When Wehrlein slowed down and stalled at the exit of the tunnel, the Marshalls of Automobile Club of Monaco (ACM), whose expert unit was founded 50 years ago by President Michel Boeri, swiftly pushed the Porsche towards the chicane, where he parked it for good. At that time, for maximum safety, the “Full Course Yellow”, triggered immediately by the race direction, forced all his rivals to drive at a maximum speed of 50 km/h. Too bad for JEV and Di Grassi, who had just chosen to use the Attack Mode and couldn’t take advantage of it, which served Vandoorne and Evans well.
The following incident involved the other Porsche of Andre Lotterer, pushed about the safety barrier at Sainte Dévote by the out of control Nissan of Oliver Rowland, under the eyes of a delighted Robin Frijns (Envision). Enough to cause the appearance of the Safety Car when Vandoorne had just activated his Fan Boost. There were only about ten minutes left when the race started again, with Vandoorne ahead of Evans, Vergne and di Grassi, followed by Frijns, Da Costa and Mortara. The race director then added four minutes, to take into account the neutralization by the Safety Car, and Evans used his last Attack Mode to go past Vergne and swoop down on Vandoorne, who resisted until the end to the New Zealander in a Jaguar.
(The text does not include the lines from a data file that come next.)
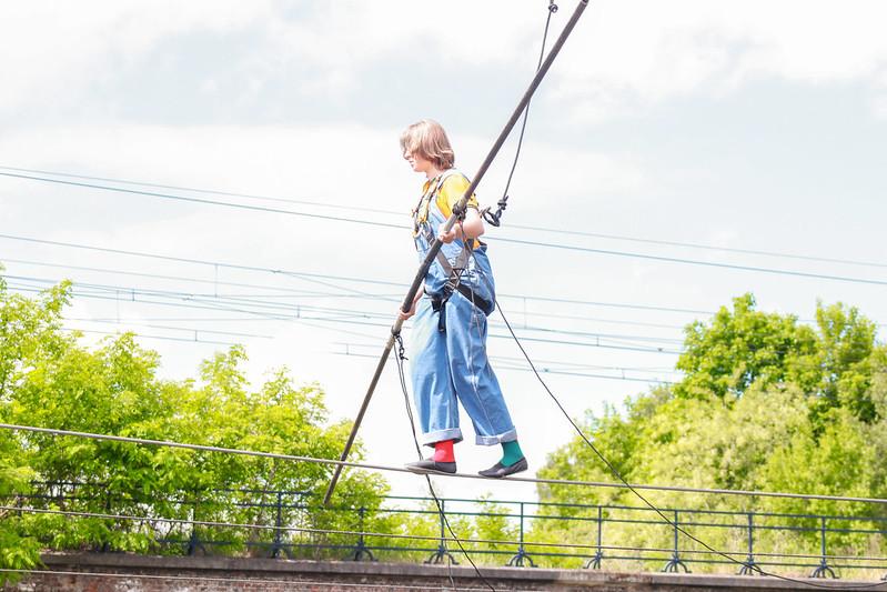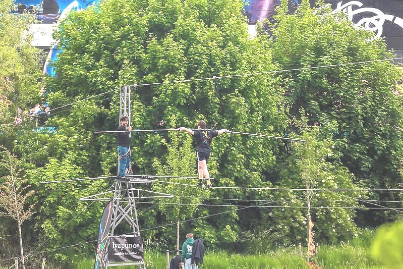 Op zondagvoormiddag organiseerden we samen met Lyapunovde oversteek van de Dijle. Koorddansers met een beetje ervaring en geen hoogtevrees, konden over een kabel wandelen, 6 meter boven het wateroppervlak! Het was van 2015 geleden dat we dat nog deden, hopelijk kunnen we het in de toekomst nog eens doen (en hopelijk duurt dat niet opnieuw 10 jaar :-))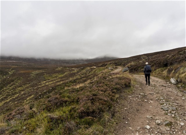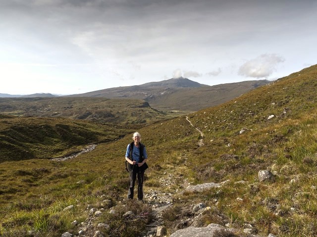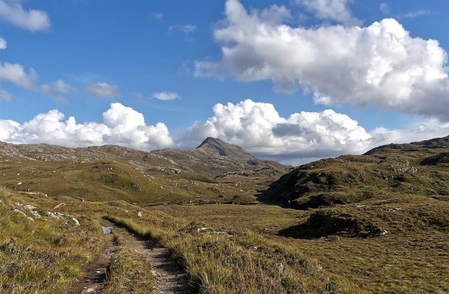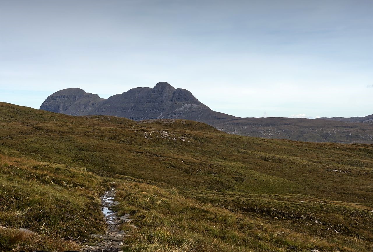 Setting out towards Glencanisp Lodge with Canisp (centre) and Suilven rising in the distance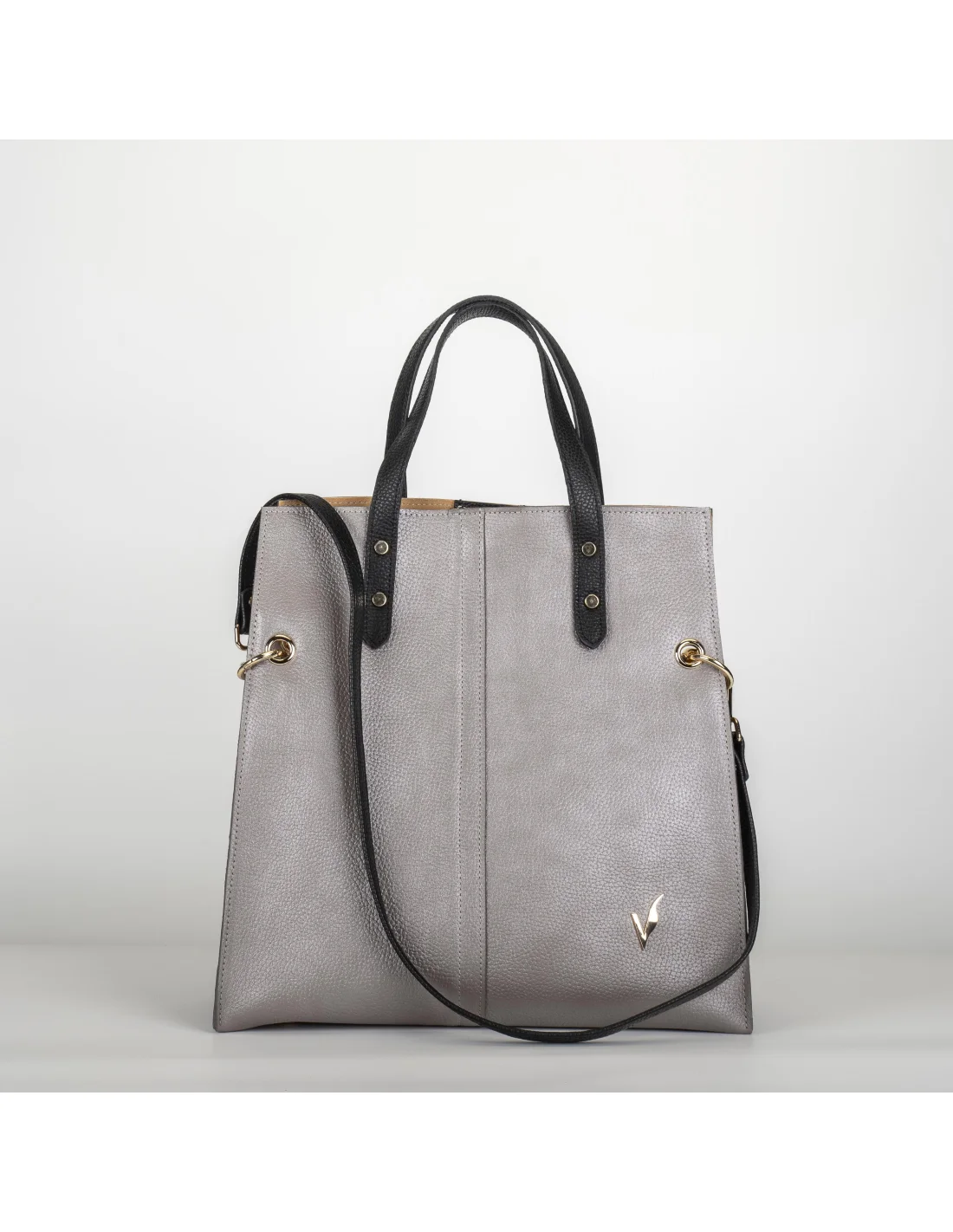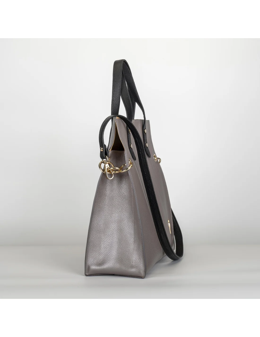 Cu o silueta structurata din piele bizonata, groasa, de bovina, se deschide prin magnet catre un interior spatios cu buzunare dedicate articolelor tale esentiale zilnice. Este o geanta captusita la interior, avand 3 compartimente generoase, cel din mijloc, mare cat toata geanta, este asigurat cu fermoar si are pe peretii interiori alte 3 buzunare, dintre care unul cu fermoar. Dispune atat de torti pentru a o purta elegant in mana cat si curea lunga pentru umar, reglabila prin catarama.

So this was the composition of the final podium, ahead of Frijns, Da Costa and di Grassi, 6th, who saved the honor of Venturi, at home, while teammate Edoardo Mortara, once again cursed in the Principality, had finished the race in slow motion before parking for good. As for the day’s comeback, it was achieved by Seb Buemi (Nissan), winner of the first two editions (2015, 2017) and 9th under the checkered flag, although he started on the 22nd (and last) place on the grid.
“Monaco is one of the most special races you can win as a driver”, reacted Vandoorne, delighted, getting out of his electric Mercedes. He had already won in the Principality, in 2015, during the feature GP2 race (the old name of F2). “The luck finally turned in our favour, but I had an incredible feeling in the car, it was perfect, so a big thanks to the whole team,” the Belgian winner added.
Beaten but overall happy with his day, Vergne summed up the situation well: “It was a good race for us, but we were unlucky with the Attack Mode, we clearly wasted it with the Full Course Yellow. I would have liked to fight for the win today but I will be satisfied with these good points. We have to keep working and I am looking forward to continuing this season”. It will be in Berlin, May 14 and 15, for the 7th and 8th rounds of this wonderful Season 8.